Set in the depressed backwoods of Vermont logging country over the course of a summer day, the story kicks off when the town sheriff discovers a haggard young woman asleep in her car outside his office. It seems a local thug named Blackway scared off her boyfriend, killed her cat, and is stalking her. Unfortunately, as the sheriff points out, there's not a whole lot he can do unless she has a witness to any of this -- which she doesn't. Unwilling to send her away emptyhanded, he suggests she go to the old sawmill, where a crippled old-timer sits court amidst a revolving cast of local men, playing cards, drinking beer, and generally passing the time. There, he suggests, she will find someone to go with her and talk to Blackway.

She does indeed find someone to go with her, but not the person the sheriff thinks. Instead, two locals -- a crafty old-timer and a dour young colossus -- agree to help her.
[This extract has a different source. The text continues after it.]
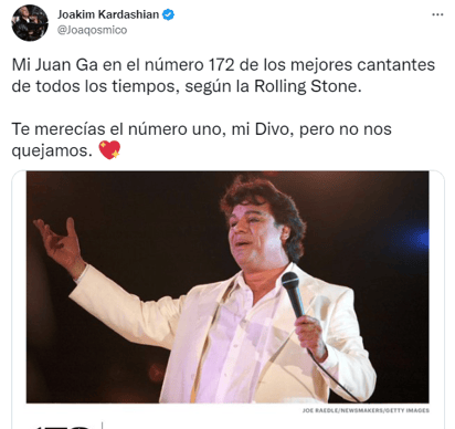 El “Divo de Juárez”, Juan Gabriel, fue colocado en el número 172 bajo una descripción en la que resaltan su carisma y la habilidad de componer, mientras que su gran amiga, Rocío Dúrcal aparece en la posición 139: “tenía una manera de unir la cálida suavidad de su mezzo soprano con un intenso y oscuro canto en los aspectos más destacados de su carrera”.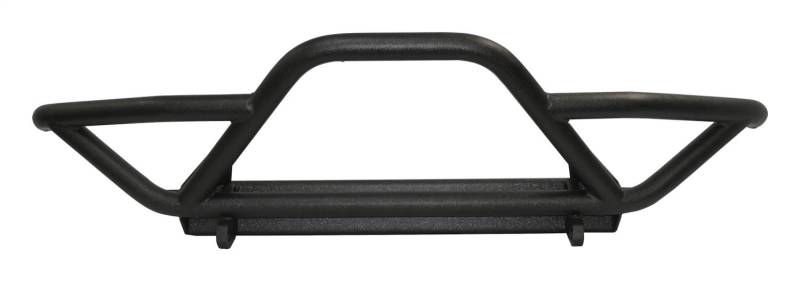 Black Textured Front Tube Bumper w/ Stinger for YJ & TJ Wranglers RT Off-Roads Heavy Duty Front Bumper is a full-width tube steel upgrade over the factory plastic bumper. Durable tube construction is protected with a thick powder coat finish. Front bumpers include winch mount while rear bumpers are available with a tire carrier. Front bumper include two integrated D-Ring mounts for recovery. Installs into the factory bumper mounting location using the factory hardware. Does not require any drilling or modification. Hd Bumper

The odd couple are entirely unlikely heroes, and as she travels with them to various motels and bars to track down Blackway, she grows increasingly uneasy about what she's gotten them into and their ability to emerge unscathed. Meanwhile, the story continually returns the reader to the sawmill, where the Greek chorus of local men discuss this and that, gradually filling in a newcomer on the lay of the land, and just what a sticky situation the young woman is in. The overall effect is of a slightly surreal, somewhat mythic confrontation, all deeply tinged in black humor and a rural noir sensibility reminiscent of Scott Wolvern's excellent short stories in Controlled Burn. Brilliant stuff worthy of multiple readings.